§ WHAT IS REQUIRED
In the records below, repeat exactly the lines between the line holding "어라? 그렇다면 위에서" and the line holding "主要是将 GCN 图表示学习方法用于图中异常节点检测任务中。", inclusive, and drop the pictures.

§ SUPPLIED ENTRIES
****
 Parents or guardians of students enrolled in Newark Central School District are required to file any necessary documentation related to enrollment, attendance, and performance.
****
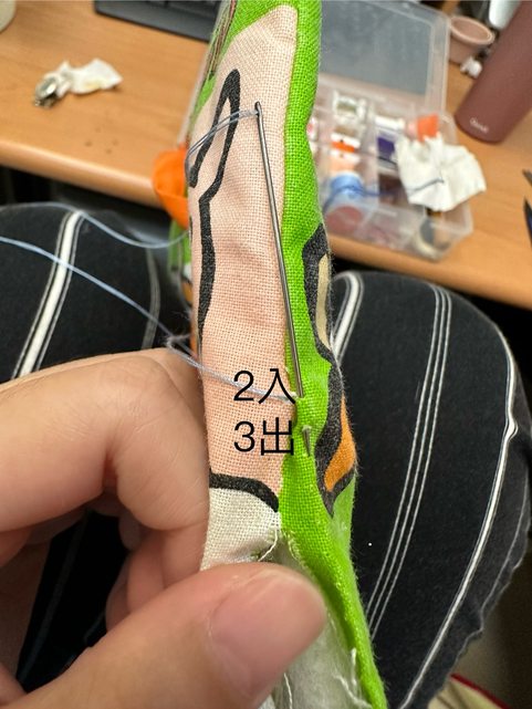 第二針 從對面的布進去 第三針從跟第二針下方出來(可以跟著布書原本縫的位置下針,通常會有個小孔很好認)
****
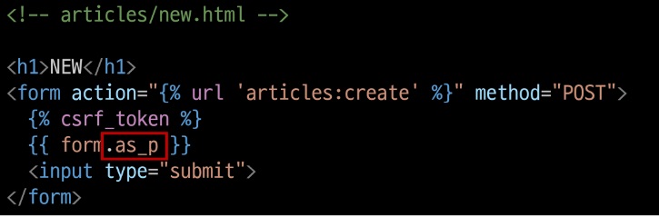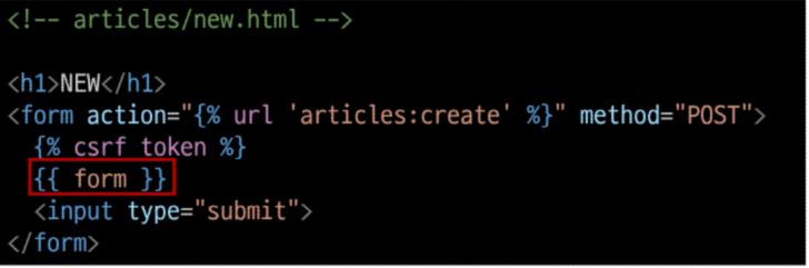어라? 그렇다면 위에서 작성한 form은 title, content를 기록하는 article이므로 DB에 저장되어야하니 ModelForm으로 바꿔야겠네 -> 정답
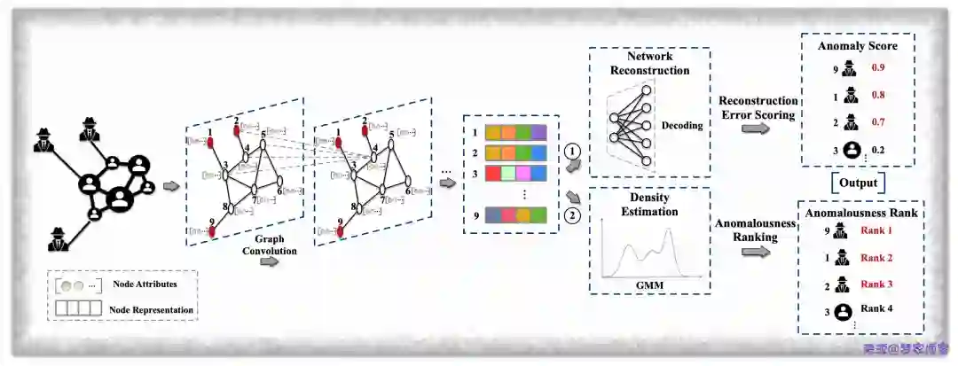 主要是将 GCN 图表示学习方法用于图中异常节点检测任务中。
****
§ SOLUTION
어라? 그렇다면 위에서 작성한 form은 title, content를 기록하는 article이므로 DB에 저장되어야하니 ModelForm으로 바꿔야겠네 -> 정답
 主要是将 GCN 图表示学习方法用于图中异常节点检测任务中。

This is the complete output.